The Coimbra node also opens a complementary national track. idD Portugal Defence and IPN are developing a parallel "national DIANA" programme designed to absorb additional Portuguese defence-technology companies beyond those that clear the NATO-level call, with the same accelerator infrastructure and similar mentor-network access but funded through national defence-industry instruments. The national track is intended to deepen the Portuguese pipeline so that a higher share of NATO-call applicants in subsequent rounds arrive with prior structured-acceleration experience.
The Portuguese alignment with NATO innovation channels has been incremental but visible. Earlier in June, the Capítulo da Defesa Nacional debate around Portugal's 2013 Conceito Estratégico de Defesa Nacional (CEDN, National Defence Strategic Concept) underlined the ageing of the strategic doctrine framework, while the Government's defence-spending architecture was set against the new NATO 2% — and prospective 3.5% — capability-target horizon. The NATO DIANA node activation gives the Portuguese defence-industrial policy a concrete instrument inside that wider debate, with Coimbra and IPN as the operational handle.
What This Means for Expats and Residents
- Coimbra becomes a defence-tech hub address: Instituto Pedro Nunes, already a Coimbra-based incubator with a strong deep-tech track record across earlier cohorts, gains an explicitly defence-aligned acceleration mandate. The January-June 2027 cycle is the first window where Portuguese deep-tech founders can apply through the national node into a NATO-aligned programme without routing through Madrid, Rome or other Alliance-side accelerators.
- The €100,000 plus €300,000 funding envelope is the headline number: Initial investment of €100,000 with a further €300,000 available in growth phase — plus access to more than 200 test centres and NATO Innovation Fund connections — sets the baseline financial proposition for selected companies. This is non-dilutive at the entry tier and structured under NATO programme rules.

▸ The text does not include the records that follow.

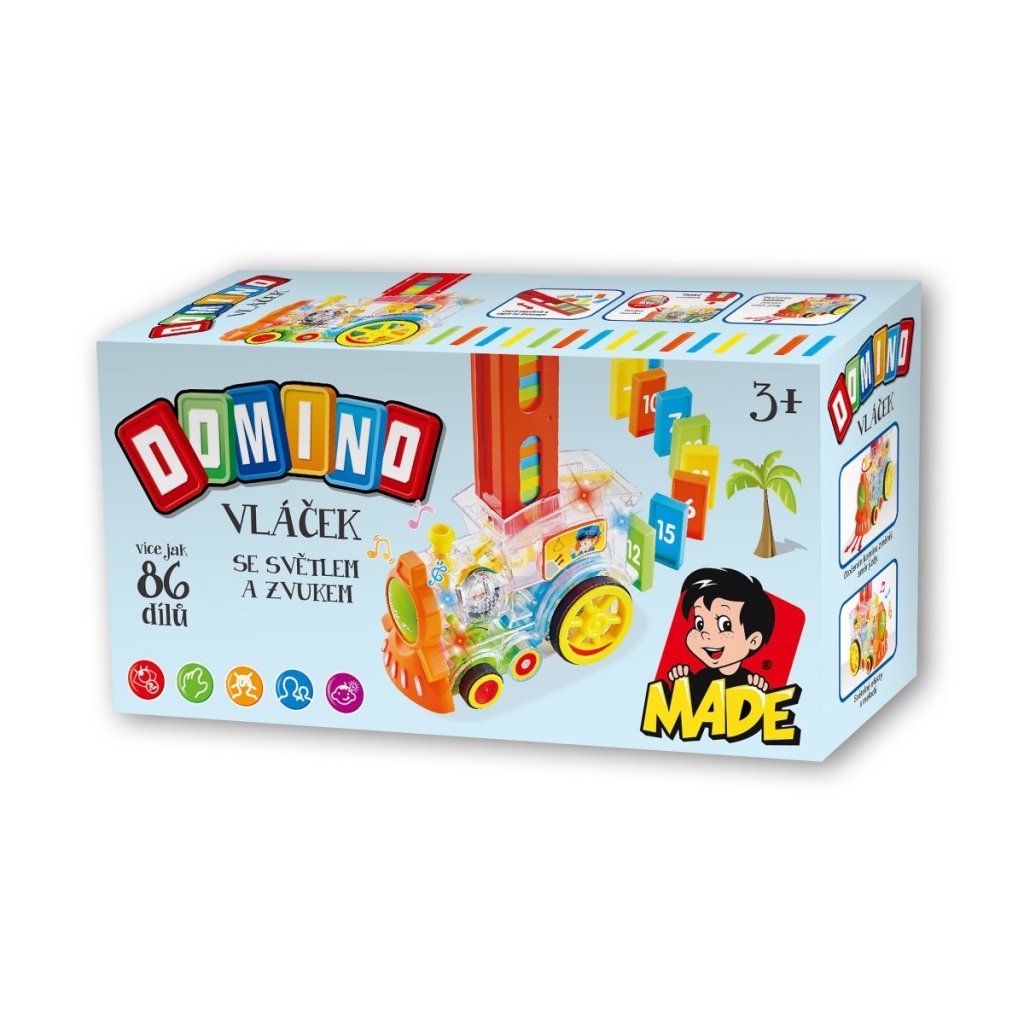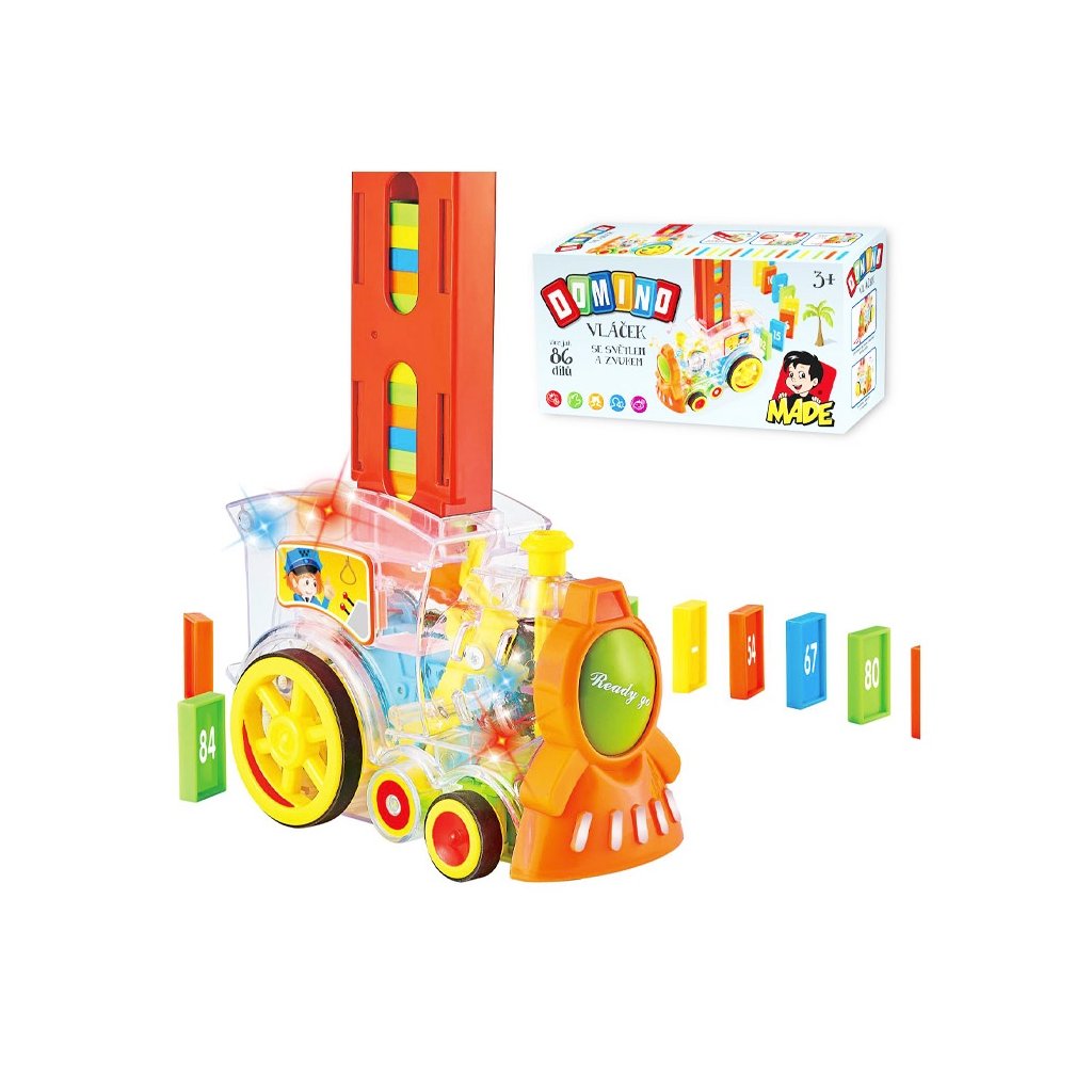 Lokomotíva domino 86 ks, so svetlom, na batérie, 15 x 7,5 x 11 cm
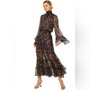 MISA LA Bethany Tiered Chiffon Maxi Dress
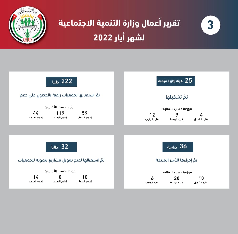 التنمية الاجتماعية تصدر تقريرها لشهر أيار الماضي
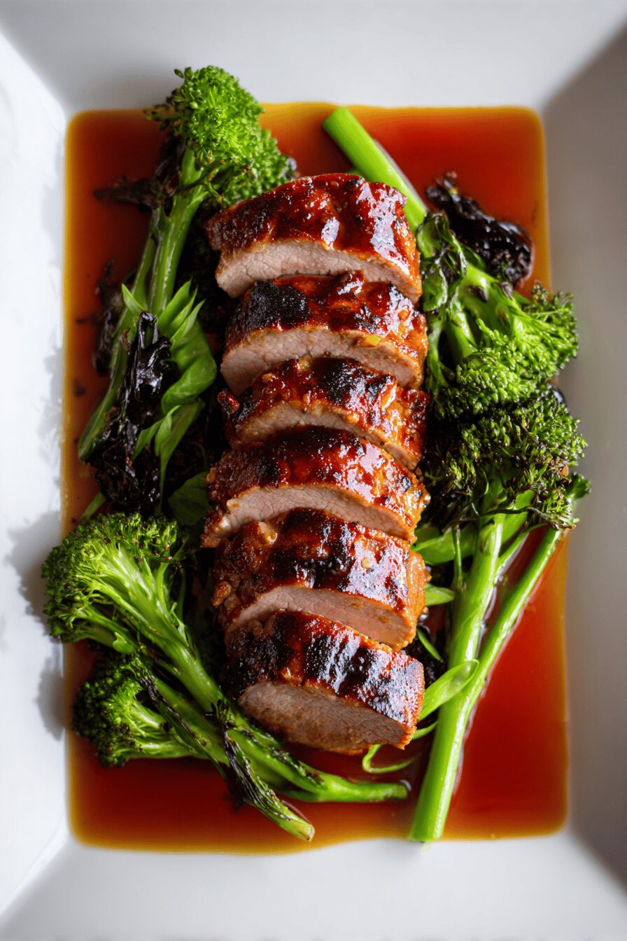 Filés de porco marinados em uma mistura cítrica com tamarindo e soja. Marinada adocicada com toque de gengibre fresco e molho hoisin, transformada em molho reduzido para acompanhar a carne suculenta. Grelhado no barbecue até ponto rosado, finalizando com descanso para manter suculência. Versão modificada com menos açúcar, mais suco de laranja e troca do molho hoisin por molho de peixe, adicionando um toque thai. Acompanhado de brócolis salteados no wok – combinação de sabores e texturas marcante, prática e cheia de nuances.
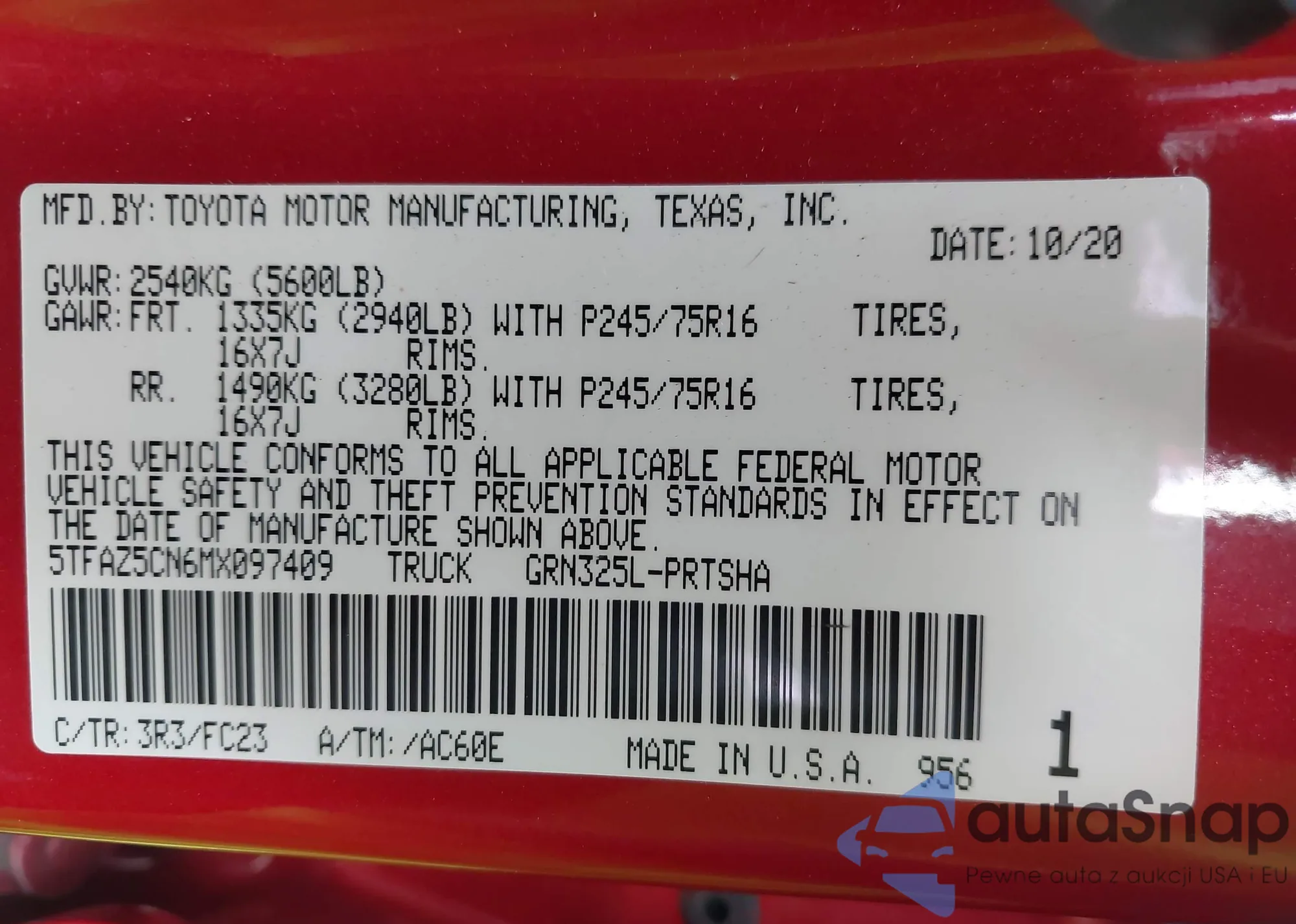 • VIN 5TFAZ5CN6MX097409
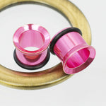 Tunnels Anodized Metallic Pink with O-Rings - Sold as a Pair Surgical Steel
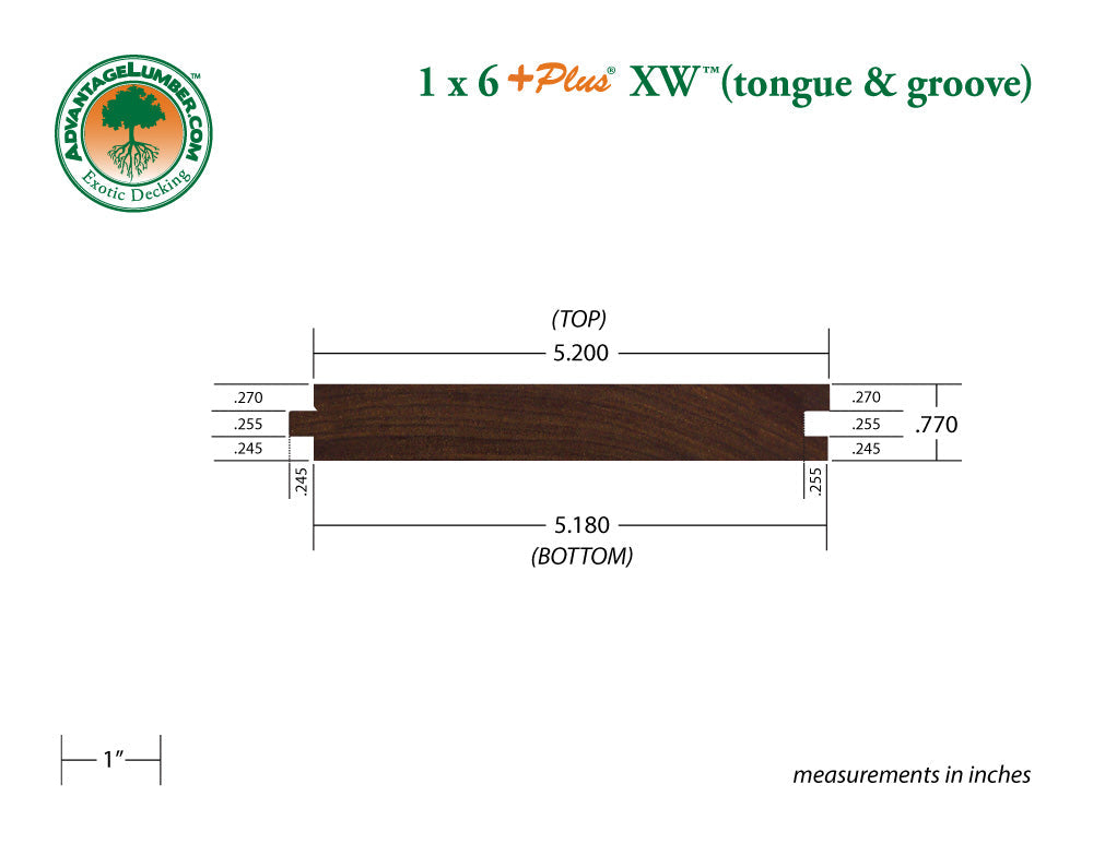 1x6 +PLUS® XW™ Ipe Wood Tongue and Groove Decking (21mm x 145mm)
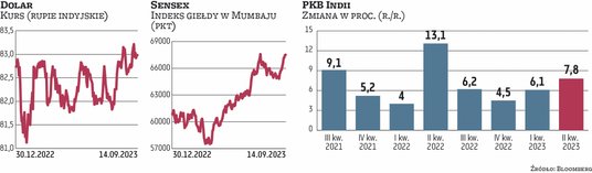 Gospodarka Indii jest obecnie piątą pod względem wielkości na świecie. Jej nominalny PKB to 3,7 bln dol. Pod tym względem Indie prześcignęły już Wielką Brytanię i Francję. Jeśli jednak liczymy udział w globalnym PKB według parytetu siły nabywczej, to Indie znajdują się – według Międzynarodowego Funduszu Walutowego – na trzecim miejscu (7,47 proc.), a wyprzedzają je tylko USA (15,39 proc.) oraz Chiny (18,9 proc.). 20 lat temu udział ten wynosił 4,3 proc., co plasowało Indie na piątym miejscu, między Niemcami a Rosją, a 30 lat temu sięgał 3,35 proc., co dawało Indiom ósme miejsce, między Francją a Brazylią. MFW prognozuje, że w 2028 r. udział Indii w globalnym PKB będzie wynosił 8,65 proc., czyli będzie łącznie większy niż Niemiec, Francji oraz Wielkiej Brytanii. Przez ostatnie 20 lat indyjski nominalny PKB powiększył się o 3,12 bln dol., czyli o prawie tyle, ile wynosi obecnie brytyjski PKB. Wielu analityków wieszczy Indiom długie lata dynamicznego rozwoju. Ekonomiści Goldman Sachs w lipcu przedstawili prognozę mówiącą, że przed 2075 r. Indie staną się drugą pod względem wielkości gospodarką świata. Mają wówczas prześcignąć pod tym względem USA. Na korzyść indyjskiej gospodarki przemawiają m.in. czynniki demograficzne. Ma ona wciąż bardzo dobry współczynnik ludności w wieku produkcyjnym do populacji zależnej finansowo (czyli do osób starszych i dzieci).
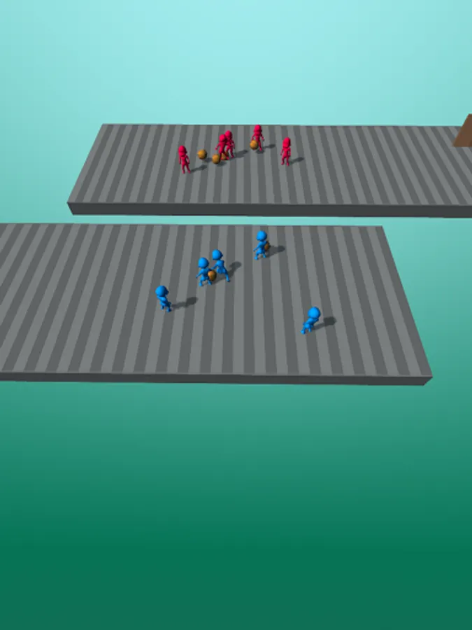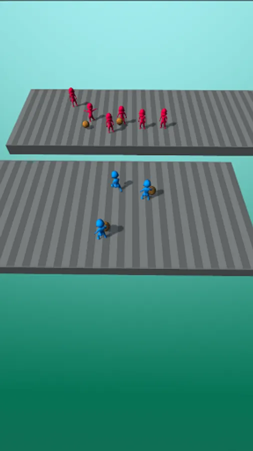 Run forward, collecting new team members and balls for them - your goal is to collect the strongest team and destroy the opposing team!
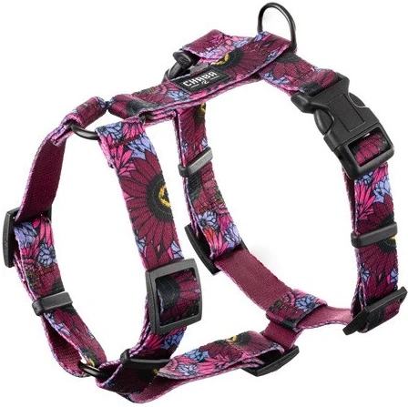 Szelki dla psa Chaba Lakota w kolorze bordowym, z motywem kwiatów.

- Connect Robotics and Neuraspace set the early reference points: The two confirmed Portuguese DIANA cohort entries are the visible benchmarks for the kinds of companies the Coimbra node will be working with. Drone logistics (Connect Robotics) and space-traffic management software (Neuraspace) are both dual-use technologies with mature non-defence customer bases — the DIANA structure is designed to scale exactly that profile into defence channels.
- Strategic procurement re-routing is the policy thesis: Pinheiro Alves's NATO-not-EU procurement line is the load-bearing strategic call. Portuguese defence-tech founders who have been mapping European Defence Fund grants and ASAP calls now also need to map NATO procurement and the DIANA pipeline if they intend to scale into defence revenue rather than purely civilian dual-use sales.
The Coimbra node goes live as the wider Portuguese defence-industrial debate moves through the CEDN modernisation cycle and the NATO 3.5% capability-target conversation. Putting IPN on the operational map of Alliance-wide acceleration gives Portuguese deep-tech startups a structured entry point and pulls Coimbra into the NATO innovation grid alongside the 17 sister sites running the same playbook across the Alliance.